Document Processing in Azure AI Search

6. February 2025

Azure AI Search is a scalable and flexible search engine from Microsoft. Hosted in Azure, Azure AI Search offers a wide range of use cases, from website searches, enterprise search, to Q&A bots and interactive knowledge applications.

In this blog post we will show hot to index contents in Azure AI Search and what advantages or disadvantages the variants below come with.

Azure AI Search REST APIs

Our connectors use the REST APIs of Azure AI Search to index documents into Azure AI Search.

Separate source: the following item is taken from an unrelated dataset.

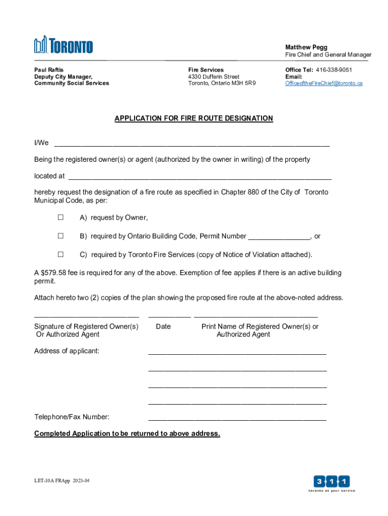 Matthew Egg Fire Chief and General Manager, Paul Rafts Deputy City Manager, Community Social ServicesFire Services 4330 Duffer in Street Toronto, Ontario M3H 5R9Office Tel: 4163389051 Email: OfficeoftheFireChief@toronto.caAPPLICATION

Using the REST APIs has advantages and disadvantages. Using the REST APIs gives a connector or crawler framework the control to index or remove documents from the index without any detours. A detour would be to retrieve documents and then to store them into a file share or similar so that Azure AI Search must retrieve it again.

But, “behind” the REST APIs of Azure AI Search, no further transformations take place. This means that the connector or web crawler framework typically needs to perform the following processing steps before actual indexing, i.e., sending the documents to the indexing APIs:

  • Text extraction from binary documents (such as PDFs) or from HTML pages

  • Image recognition

  • Named Entity Recognition

  • Document classifications / Tagging

  • Speech to text

  • Vectorization or embedding

The connector or crawler framework must carry out these steps when using the REST APIs.

Therefore, the RheinInsights Retrieval Suite delivers document transformation pipelines. These make it possible to carry out the above-mentioned processing steps efficiently and in parallel before indexing (see Content Transformation). Our Suite offers an administration interface as no-code configuration for the respective processing steps.

Use of AI Search Indexern

Azure AI Search offers so-called indexers as another indexing method (see Indexer overview). These can capture content from various sources, such as Azure Blob Storage, various Azure SQL databases or Azure Files. These indexers bring the benefit that you can also configure document processing using the so-called data wizards (see Import wizards in Azure portal). This kind of low-code interface allows to easily configure the content (and query) transformation steps in Azure AI Search.

What can you do if your content is not orginally located in Azure Blob Storage or Azure SQL databases but you want to however still use the Data Wizards? In this case, the connectors or crawlers have to store the retrieved documents in one of these stores. Deleted documents must in turn be removed from these stores so that they get erased from the search index.

It is planned that our Retrieval Suite will support this functionality from March 2025.